- _Task directions_:
Quote, exactly, the line holding "mdf gefineerde lijst" and all lines after it to the end of the records below. Exclude pictures.

- _Source records_:

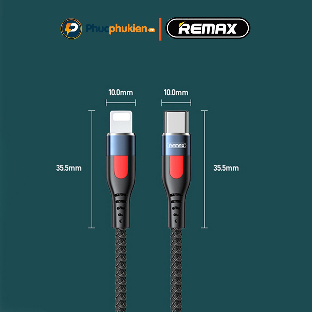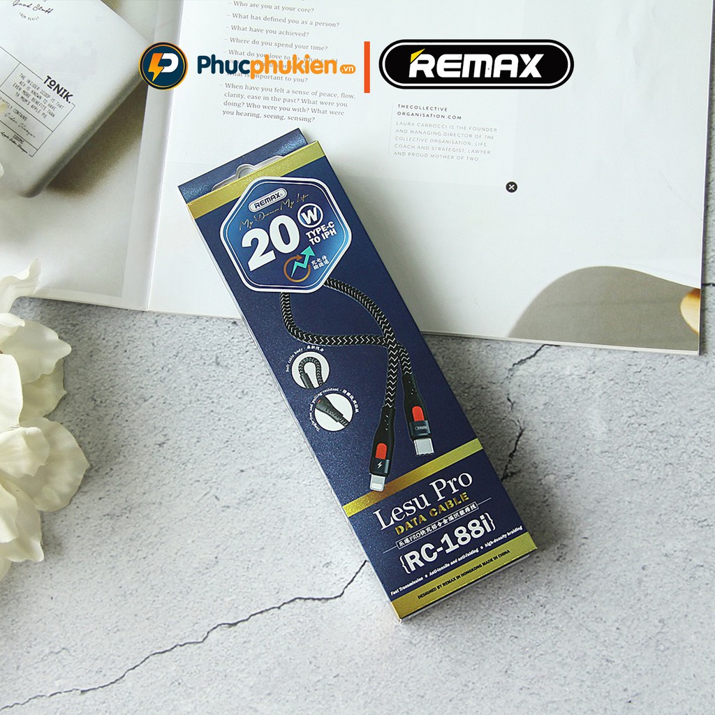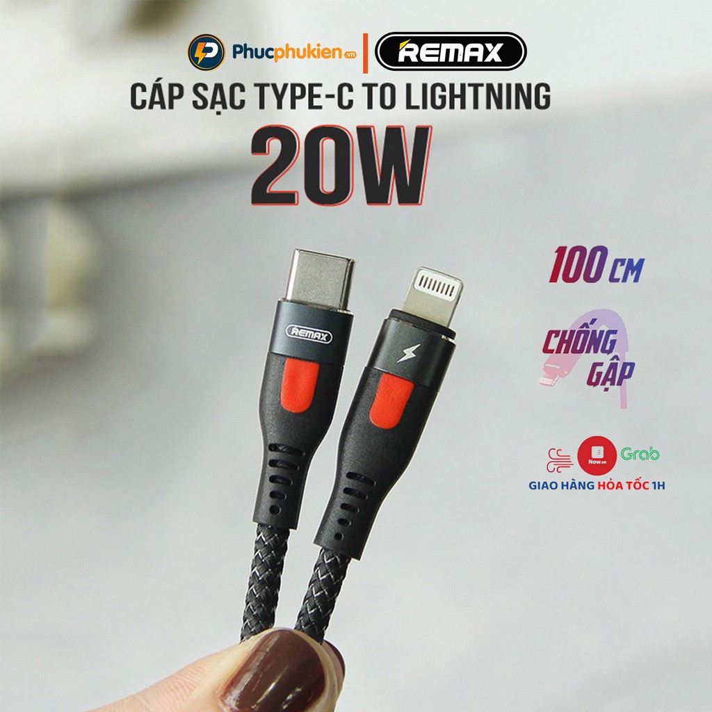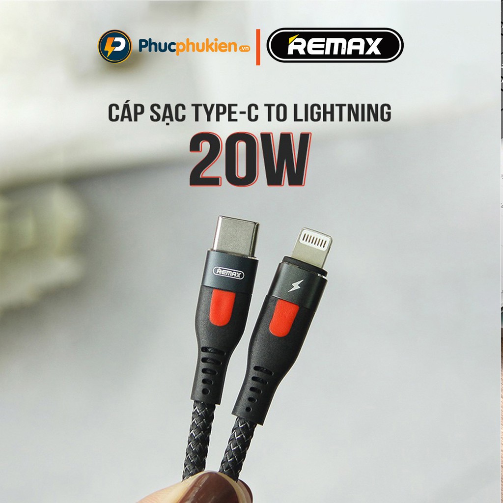 Dây sạc nhanh iPhone 20w chính hãng Remax 188i cáp type c to lightning sạc 50% pin chỉ 30 phút cho 8 Plus đến 13 Pro max
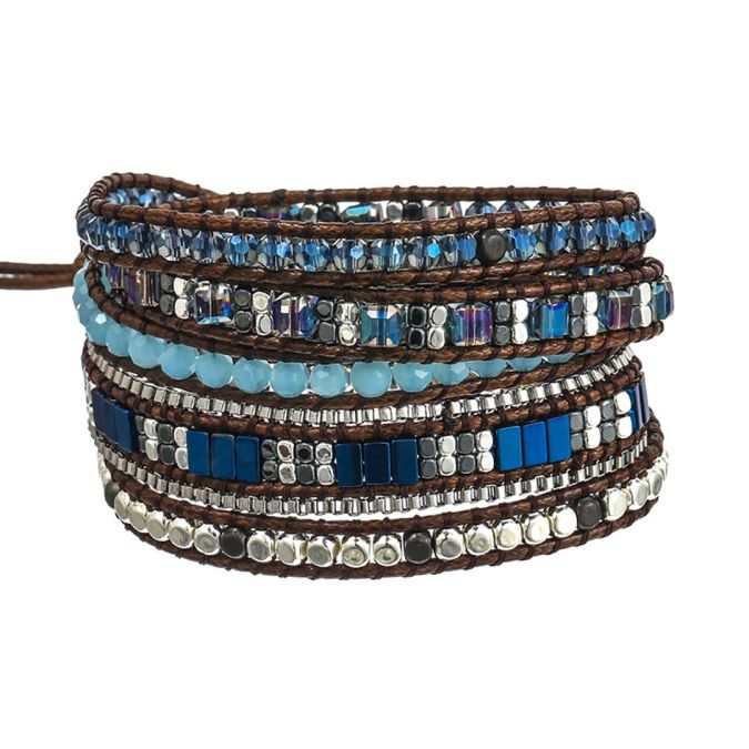 Elevate your style and energy with this Handmade Crystal & Hematite Blue Wrap Bracelet.
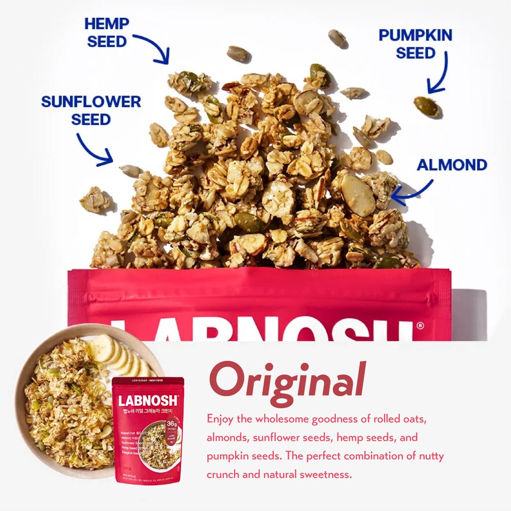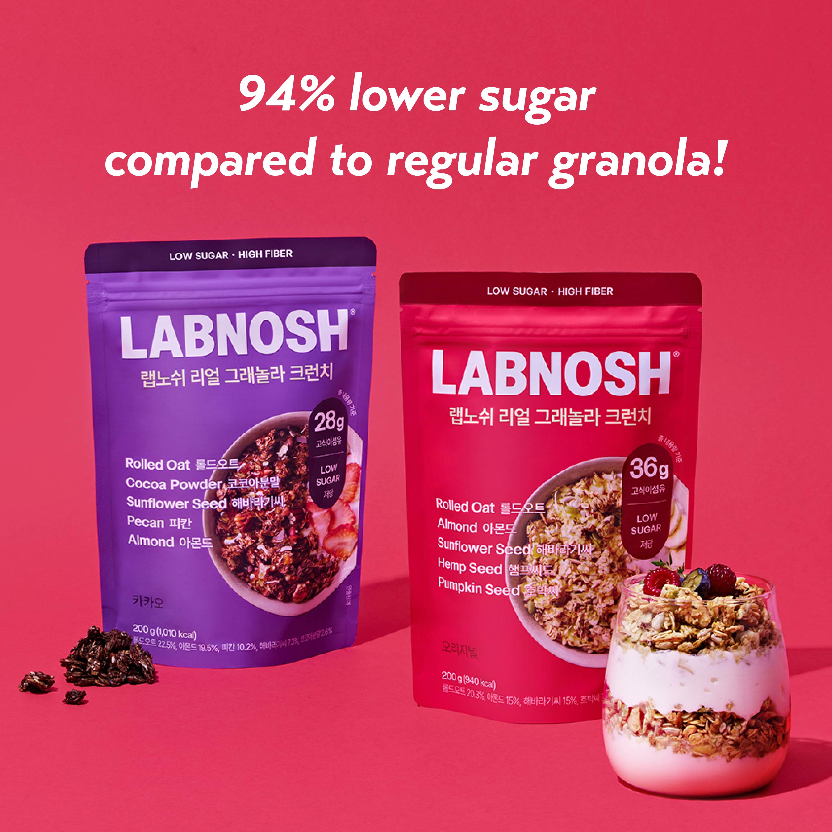 It is a delicious and nutritious low sugar granola that’s packed with high fiber for a satisfying and healthy snack. Whether you're searching for a wholesome breakfast granola or a tasty low sugar snack, this granola delivers the perfect balance of sweetness and crunch. Made with a blend of wholesome rolled oats, nuts, and seeds, LABNOSH granola is the ideal choice for anyone looking to maintain a balanced diet without sacrificing flavor. With up to 94% less sugar than regular granola, it’s the perfect option for those seeking sugar-free granola or low glycemic granola alternatives. Enjoy this crunchy, fiber-rich snack anytime of the day and fuel your body with a healthier lifestyle
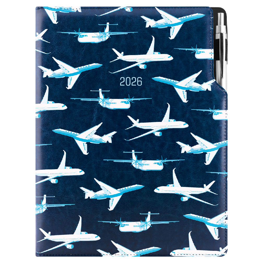 Diár DESIGN týždenný A4 2026 český - modrá - lietadlá
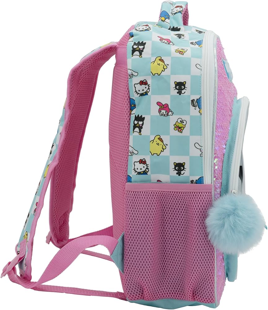 Hello Kitty & Friends Girls Backpack: Take Hello Kitty and all her Kawaii friends on your next adventure with this bright colorful backpack! The backpack features Hello Kitty, Badte, Cinnamoroll, Purin, MY Melody, Tuxedo Same, Chococat on a circular front clear glitter pocket with floating confetti. It has a fun allover character print gusset & back straps along with shiny color change sequin material
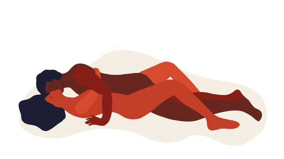 Идеальная позиция для тех, кто любит начинать свой день с секса. Для этого вы оба должны лежать на боку, ваш партнёр прижимается к вам сзади и входит в вас. Для удобства можно немного согнуть ноги в коленях и подтянуть их к груди. И не забывайте, что у вас обоих свободны руки для ласки, так что можно не ограничиваться одними толчками.
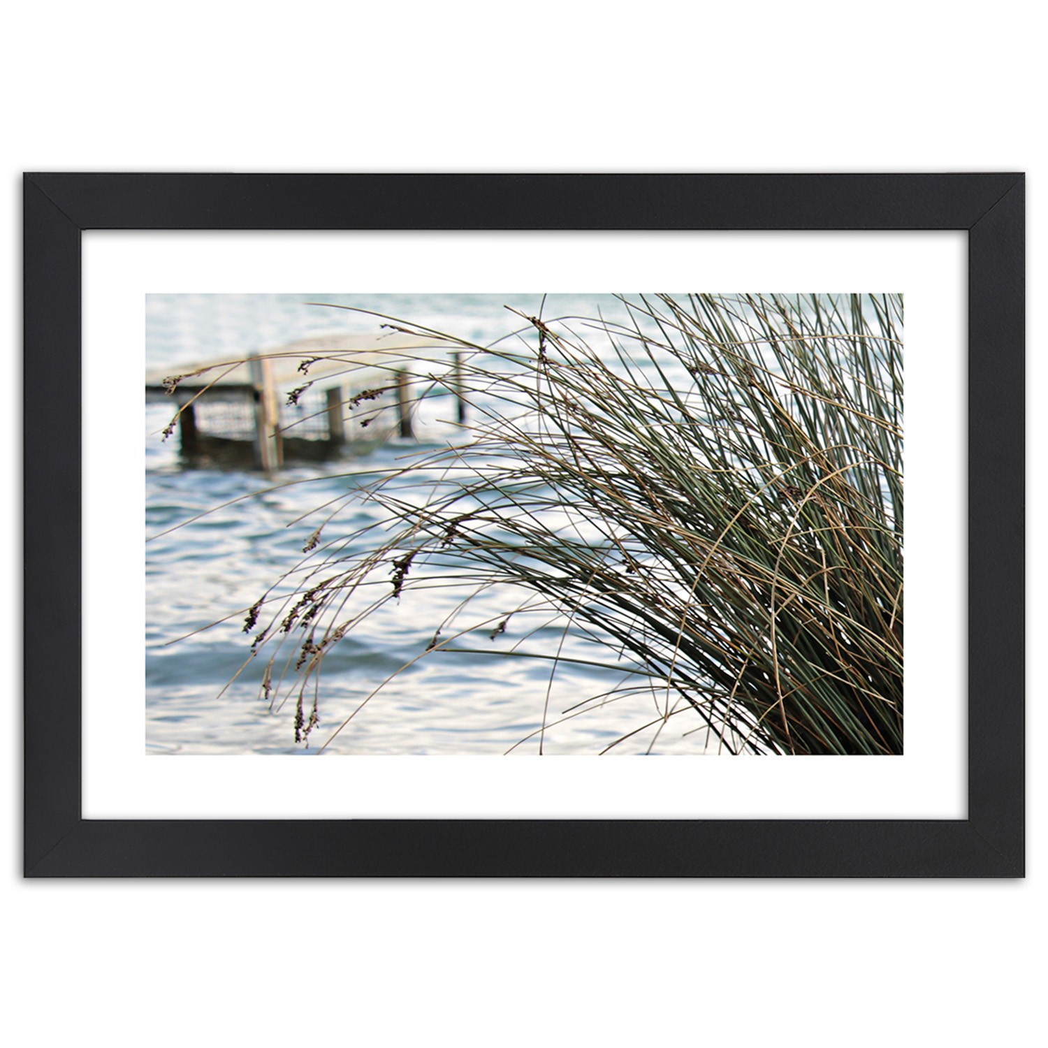 Productinformatie "Zwarte mdf gefineerde lijst met decoratieve poster ponton op zee"
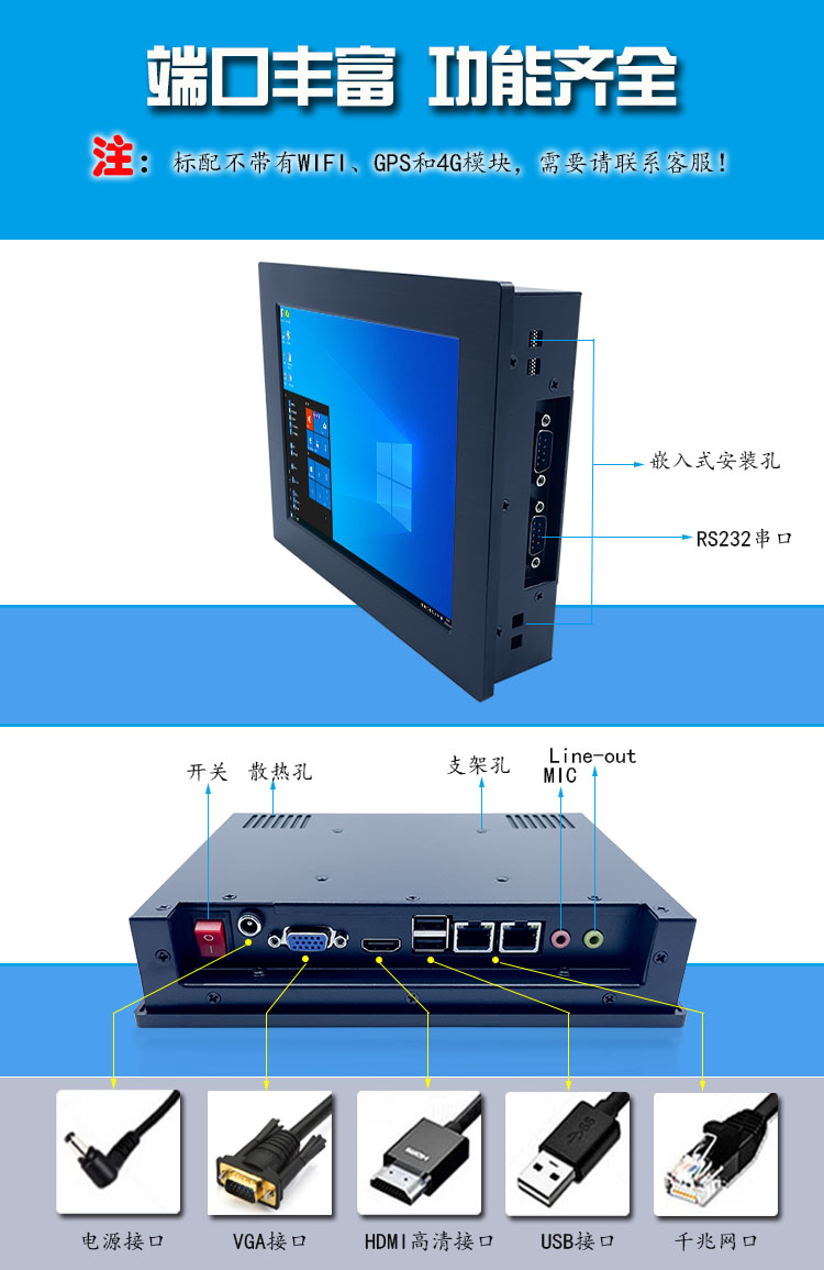 win7/XP嵌入式8寸工业平板电脑双网口
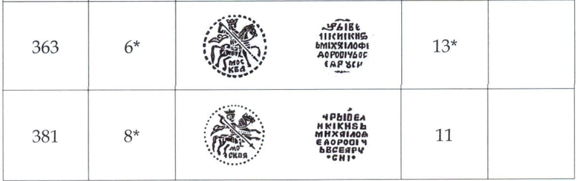 QUOTE(umberto @ Apr 12 2021, 21:04) Доброго всем здравия. Затруднился с определением 2х монет Михаила Федоровича по ГК. Прошу помощи в определении каталожного номера и по возможности оценки. Моё почтение. 1. КГ340, ГКХ363 2. КГ367, ГКХ381 -------------------- Куплю комплексы чешуи 3х рублевой монетной стопы (от Ивана Грозного)
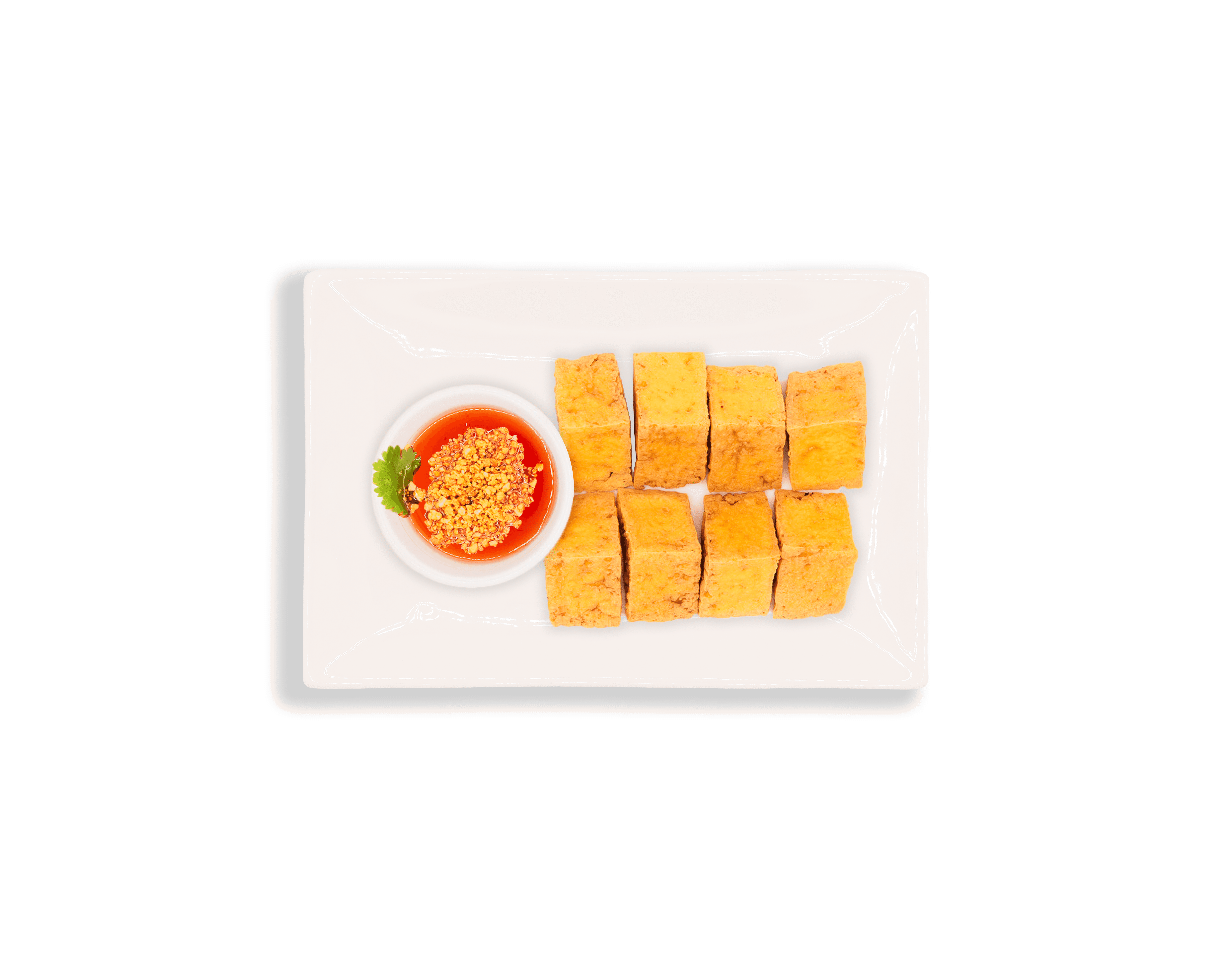 Deep fried tofu served with plum sauce and sprinkled with ground peanuts.

- _Reply to the task_:
 Productinformatie "Zwarte mdf gefineerde lijst met decoratieve poster ponton op zee"
 win7/XP嵌入式8寸工业平板电脑双网口
 QUOTE(umberto @ Apr 12 2021, 21:04) Доброго всем здравия. Затруднился с определением 2х монет Михаила Федоровича по ГК. Прошу помощи в определении каталожного номера и по возможности оценки. Моё почтение. 1. КГ340, ГКХ363 2. КГ367, ГКХ381 -------------------- Куплю комплексы чешуи 3х рублевой монетной стопы (от Ивана Грозного)
 Deep fried tofu served with plum sauce and sprinkled with ground peanuts.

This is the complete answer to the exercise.